TASK TO CARRY OUT: Reproduce exactly only the lines from the line that holds "10kt White Gold" to the line that holds "Girl with dirty", inclusive, in the listing below, and please leave out every picture.

DATA:
[Start of section]

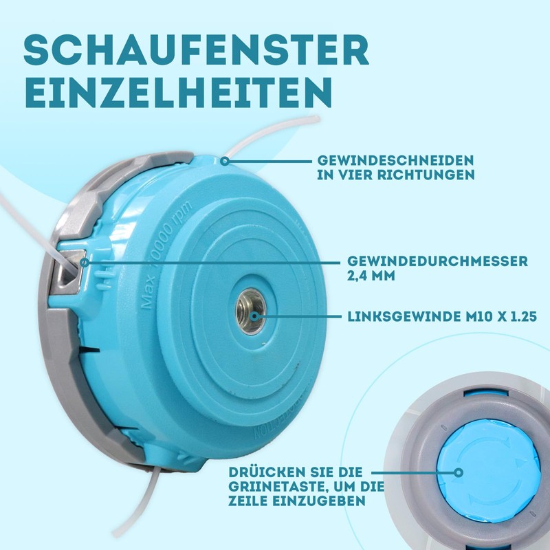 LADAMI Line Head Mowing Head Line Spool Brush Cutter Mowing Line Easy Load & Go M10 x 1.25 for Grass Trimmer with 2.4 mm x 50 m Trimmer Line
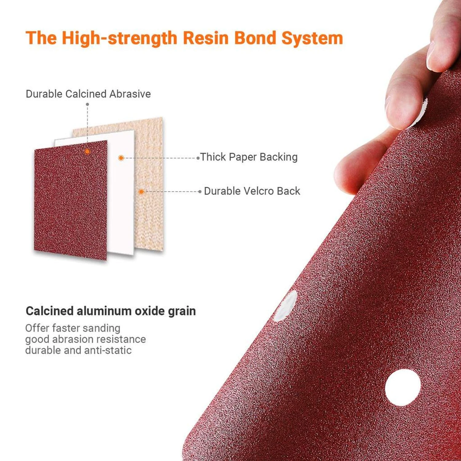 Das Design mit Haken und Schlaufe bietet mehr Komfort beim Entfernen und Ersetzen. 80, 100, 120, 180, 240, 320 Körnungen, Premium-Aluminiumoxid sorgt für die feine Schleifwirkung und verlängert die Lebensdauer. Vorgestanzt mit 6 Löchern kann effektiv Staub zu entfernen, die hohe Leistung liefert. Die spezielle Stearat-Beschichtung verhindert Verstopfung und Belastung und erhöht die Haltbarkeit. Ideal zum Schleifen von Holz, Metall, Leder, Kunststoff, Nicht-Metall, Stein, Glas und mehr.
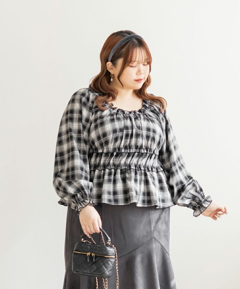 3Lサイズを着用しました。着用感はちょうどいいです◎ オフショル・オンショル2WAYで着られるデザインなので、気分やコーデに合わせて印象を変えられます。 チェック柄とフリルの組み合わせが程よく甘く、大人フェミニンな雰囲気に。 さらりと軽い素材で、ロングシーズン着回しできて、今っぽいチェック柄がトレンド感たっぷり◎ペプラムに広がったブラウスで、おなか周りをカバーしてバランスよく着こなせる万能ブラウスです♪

[End of section]
[Start of section]

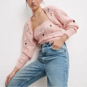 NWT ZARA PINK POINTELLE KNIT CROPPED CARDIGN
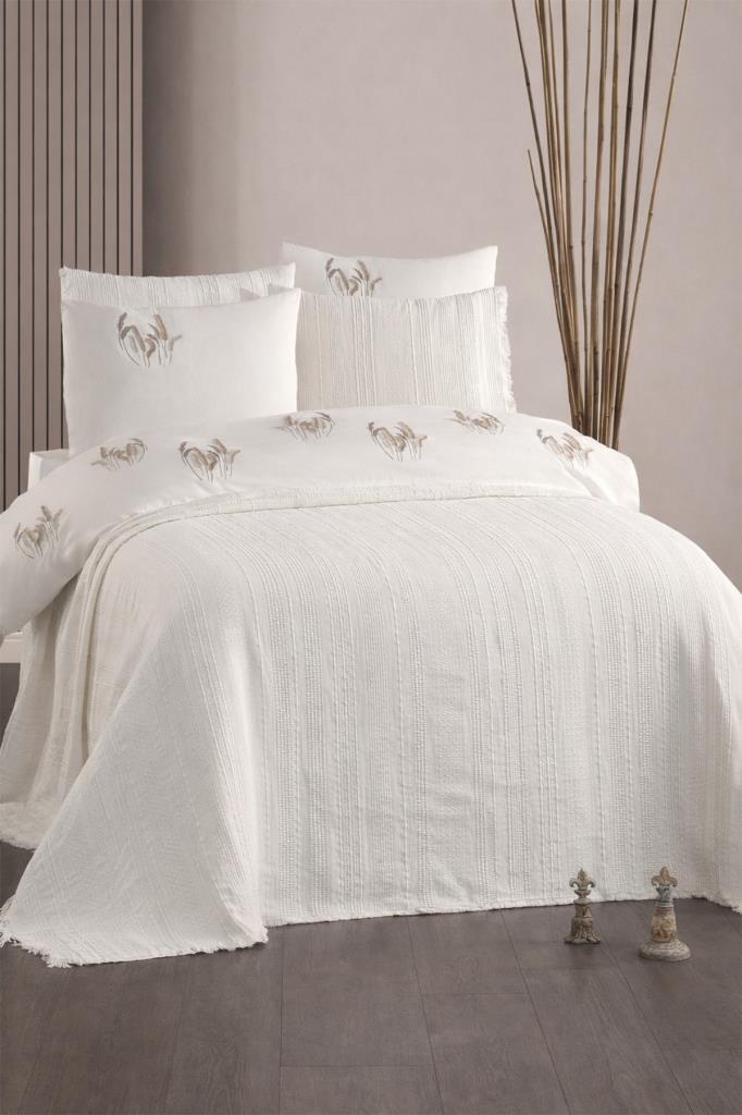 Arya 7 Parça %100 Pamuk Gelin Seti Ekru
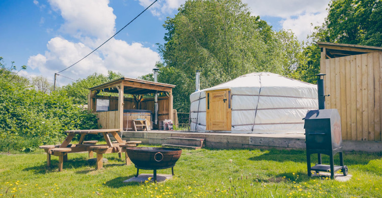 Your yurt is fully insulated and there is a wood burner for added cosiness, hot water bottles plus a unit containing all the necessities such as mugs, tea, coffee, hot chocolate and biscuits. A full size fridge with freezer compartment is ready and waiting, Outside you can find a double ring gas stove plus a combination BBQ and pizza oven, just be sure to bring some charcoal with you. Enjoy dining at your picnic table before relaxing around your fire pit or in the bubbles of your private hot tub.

[End of section]
[Start of section]

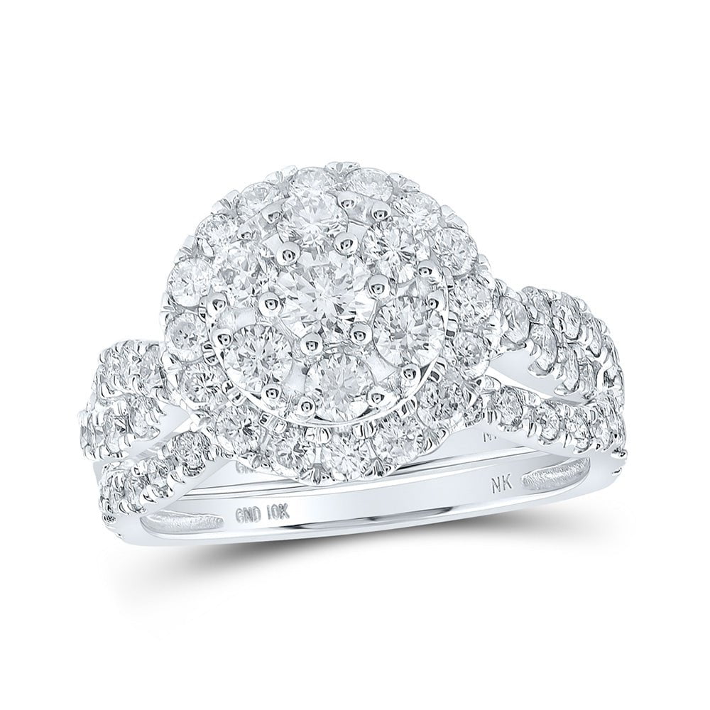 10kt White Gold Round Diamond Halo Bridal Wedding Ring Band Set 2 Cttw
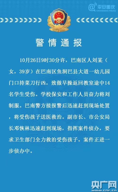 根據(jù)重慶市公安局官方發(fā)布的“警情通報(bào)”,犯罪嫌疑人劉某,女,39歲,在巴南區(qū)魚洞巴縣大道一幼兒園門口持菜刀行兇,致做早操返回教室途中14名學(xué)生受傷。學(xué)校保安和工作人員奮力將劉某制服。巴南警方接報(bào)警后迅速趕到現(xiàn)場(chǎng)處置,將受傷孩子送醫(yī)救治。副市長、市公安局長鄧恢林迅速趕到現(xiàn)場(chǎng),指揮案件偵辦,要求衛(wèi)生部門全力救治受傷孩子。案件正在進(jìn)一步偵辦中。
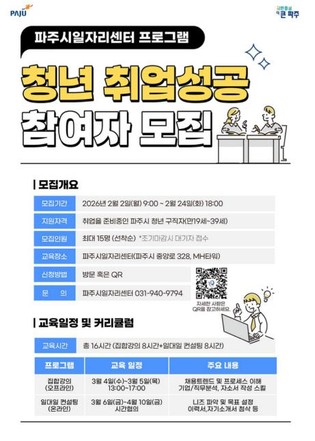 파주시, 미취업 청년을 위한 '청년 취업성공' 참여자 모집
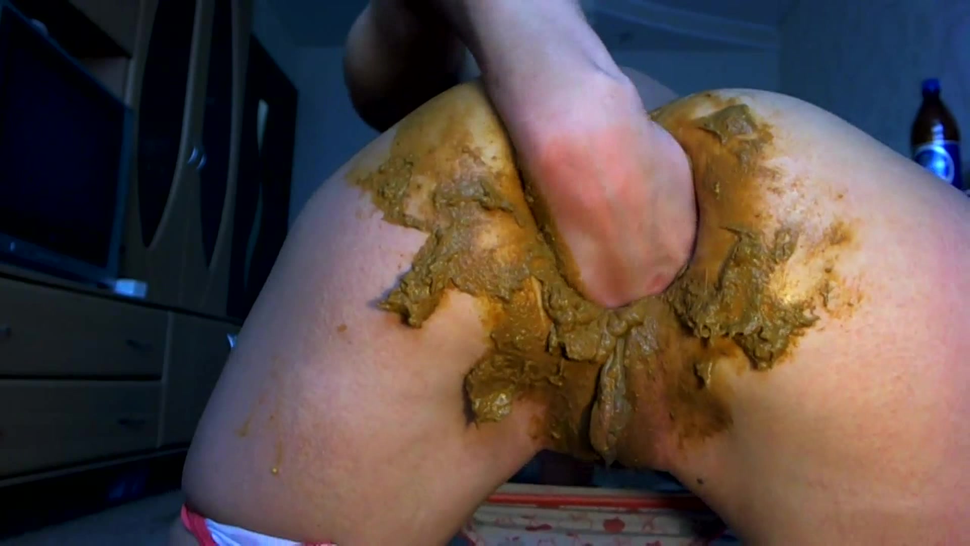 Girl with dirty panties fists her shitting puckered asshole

[End of section]

OUTPUT FOR THIS TASK:
 10kt White Gold Round Diamond Halo Bridal Wedding Ring Band Set 2 Cttw
 根據(jù)重慶市公安局官方發(fā)布的“警情通報(bào)”,犯罪嫌疑人劉某,女,39歲,在巴南區(qū)魚洞巴縣大道一幼兒園門口持菜刀行兇,致做早操返回教室途中14名學(xué)生受傷。學(xué)校保安和工作人員奮力將劉某制服。巴南警方接報(bào)警后迅速趕到現(xiàn)場(chǎng)處置,將受傷孩子送醫(yī)救治。副市長、市公安局長鄧恢林迅速趕到現(xiàn)場(chǎng),指揮案件偵辦,要求衛(wèi)生部門全力救治受傷孩子。案件正在進(jìn)一步偵辦中。
 파주시, 미취업 청년을 위한 '청년 취업성공' 참여자 모집
 Girl with dirty panties fists her shitting puckered asshole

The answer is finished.